🤖 AI Summary
This work proposes a reference-free, multi-independent evaluator framework for large language model (LLM) assessment, addressing the reliance on ground-truth labels or inter-evaluator coordination in existing approaches. By leveraging human-aligned scoring criteria to guide multiple independently prompted LLM evaluators, the method supports both discrete and continuous joint scoring, making it adaptable across diverse task settings. Notably, it eliminates the need for reference texts and coordination among evaluators, offering enhanced flexibility, interpretability, and scalability.
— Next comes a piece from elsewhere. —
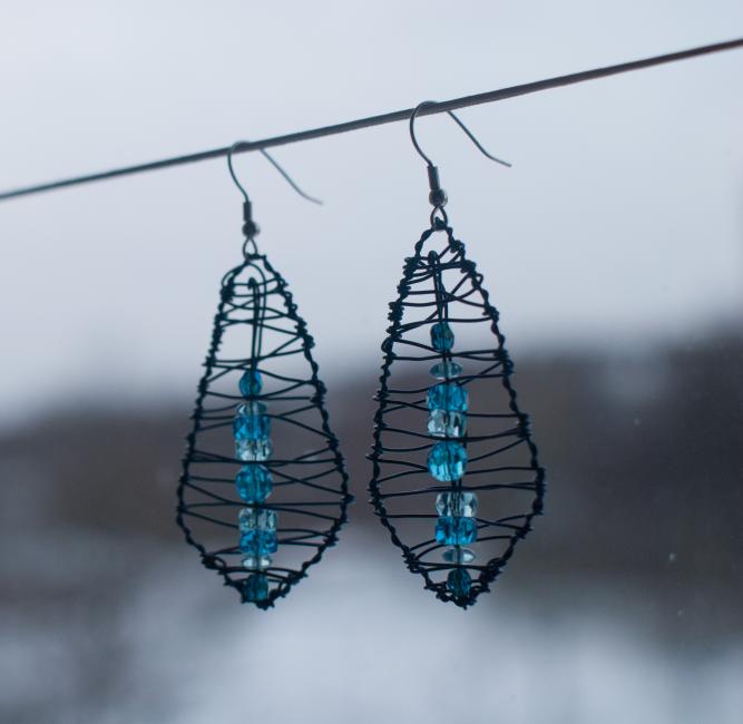 Ett beställningsjobb igen. Svarta, vridna burörhängen med röda tärningar inuti. Tjusiga som sjutton. Om jag får säga det själv.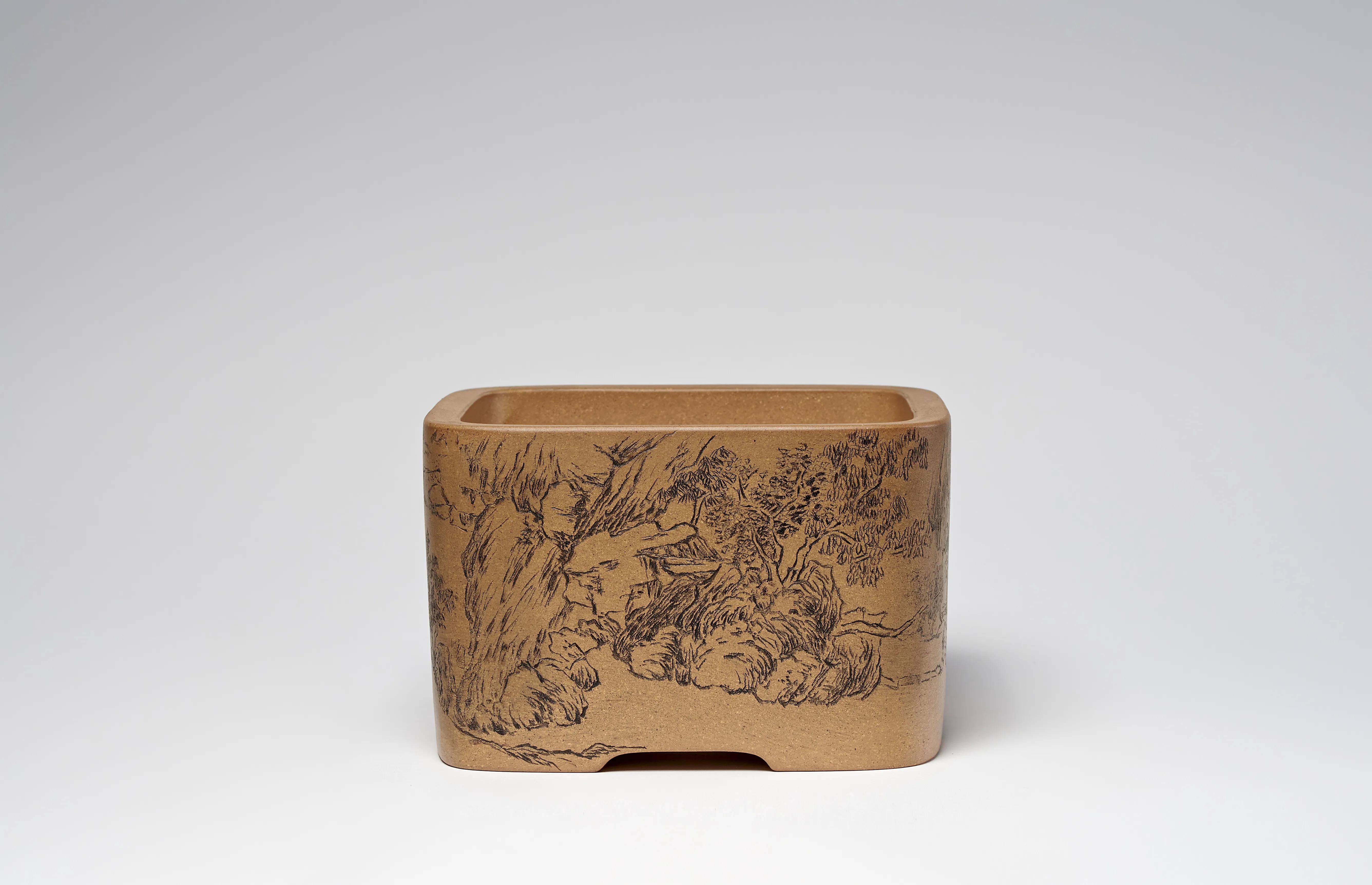 庞博,女,2000年元旦出生于江苏宜兴。毕业于南京艺术学院,主攻山水,师从张筱膺老师,现任宜兴市紫砂书画艺术馆艺术总监,作品曾获全国陶瓷书法作品展三等奖,江苏省职业院校技能大赛一等奖。无锡市‘大阿福’杯工艺美术、民间文艺及乡土技艺优秀作品展一等奖,第十三届(艺博杯)工艺美术精品大奖赛金奖。

Experimental results demonstrate that the proposed approach achieves high agreement with human judgments across multiple tasks, significantly outperforming current methods while substantially reducing computational overhead, thereby enabling efficient and robust LLM evaluation.
📝 Abstract
We introduce MILE-RefHumEval, a reference-free framework for evaluating Large Language Models (LLMs) without ground-truth annotations or evaluator coordination. It leverages an ensemble of independently prompted evaluators guided by a human-aligned schema, supporting both discrete and continuous scoring judgement. With task-specific prompts from best candidate selection, summarization and image captioning to dialogue, MILE-RefHumEval provides flexible, interpretable, and scalable assessments. Experiments show it aligns closely with human judgments, outperforms prior methods, and reduces computational overhead, offering an efficient, robust, and human-aligned solution for real-world LLM evaluation.